As explained in the docs, this helps detect spoofing attacks.
author: Karl Williamson <khw@cpan.org> 2017-12-23 23:15:37 -0700
committer: Karl Williamson <khw@cpan.org> 2017-12-24 17:20:45 -0700
commit: 034602eb0483306842c572ced4105398f6c38595 (patch)
tree: 4c92777d3695c39b3d181bb6d3b1393a43364556 /pod/perlre.pod
parent: 07093db4de0c6dc92b6c401b33af53b861e41ea2 (diff)
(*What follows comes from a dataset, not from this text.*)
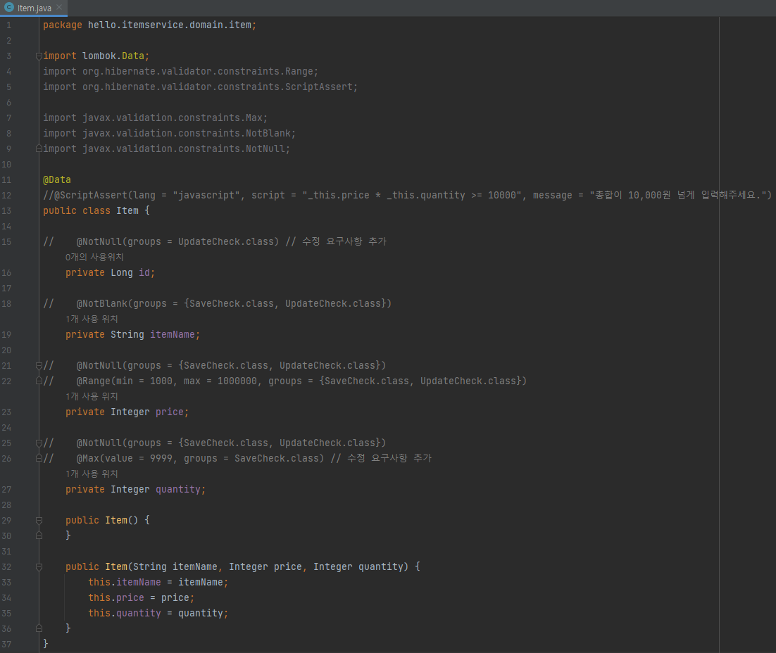 이제 Item의 검증은 사용하지 않으므로 검증 코드를 제거해도 된다.

download: perl-034602eb0483306842c572ced4105398f6c38595.tar.gz
1 files changed, 90 insertions, 0 deletions
diff --git a/pod/perlre.pod b/pod/perlre.pod
index f902ea9ceb..7a1d405c79 100644
--- a/pod/perlre.pod
+++ b/pod/perlre.pod
@@ -706,6 +706,10 @@ the pattern uses a Unicode break (C<\b{...}> or C<\B{...}>); or
 
 the pattern uses L</C<(?[ ])>>
 
+=item 8
+
+the pattern uses L<C<(+script_run: ...)>|/Script Runs>
+
 =back
 
 Another mnemonic for this modifier is "Depends", as the rules actually
@@ -2412,6 +2416,92 @@ whether they match is considered relevant.  For an example
 where side-effects of lookahead I<might> have influenced the
 following match, see L</C<< (?>pattern) >>>.
 
+=head2 Script Runs
+
+A script run is basically a sequence of characters, all from the same
+Unicode script (see L<perlunicode/Scripts>), such as Latin or Greek.  In
+most places a single word would never be written in multiple scripts,
+unless it is a spoofing attack.  An infamous example, is
+
+ paypal.com
+
+Those letters could all be Latin (as in the example just above), or they
+could be all Cyrillic (except for the dot), or they could be a mixture
+of the two.  In the case of an internet address the C<.com> would be in
+Latin, And any Cyrillic ones would cause it to be a mixture, not a
+script run.  Someone clicking on such a link would not be directed to
+the real Paypal website, but an attacker would craft a look-alike one to
+attempt to gather sensitive information from the person.
+
+Starting in Perl 5.28, it is now easy to detect strings that aren't
+script runs.  Simply enclose just about any pattern like this:
+
+ (+script_run:pattern)
+
+What happens is that after I<pattern> succeeds in matching, it is
+subjected to the additional criterion that every character in it must be
+from the same script (see exceptions below).  If this isn't true,
+backtracking occurs until something all in the same script is found that
+matches, or all possibilities are exhausted.  This can cause a lot of
+backtracking, but generally, only malicious input will result in this,
+though the slow down could cause a denial of service attack.  If your
+needs permit, it is best to make the pattern atomic.
+
+ (+script_run:(?>pattern))
+
+(See L</C<(?E<gt>pattern)>>.)
+
+In Taiwan, Japan, and Korea, it is common for text to have a mixture of
+characters from their native scripts and base Chinese.  Perl follows
+Unicode's UTS 39 (L<http://unicode.org/reports/tr39/>) Unicode Security
+Mechanisms in allowing such mixtures.
+
+The rules used for matching decimal digits are somewhat different.  Many
+scripts have their own sets of digits equivalent to the Western C<0>
+through C<9> ones.  A few, such as Arabic, have more than one set.  For
+a string to be considered a script run, all digits in it must come from
+the same set, as determined by the first digit encountered. The ASCII
+C<[0-9]> are accepted as being in any script, even those that have their
+own set.  This is because these are often used in commerce even in such
+scripts.  But any mixing of the ASCII and other digits will cause the
+sequence to not be a script run, failing the match.  As an example,
+
+ qr/(?script_run: \d+ \b )/x
+
+guarantees that the digits matched will all be from the same set of 10.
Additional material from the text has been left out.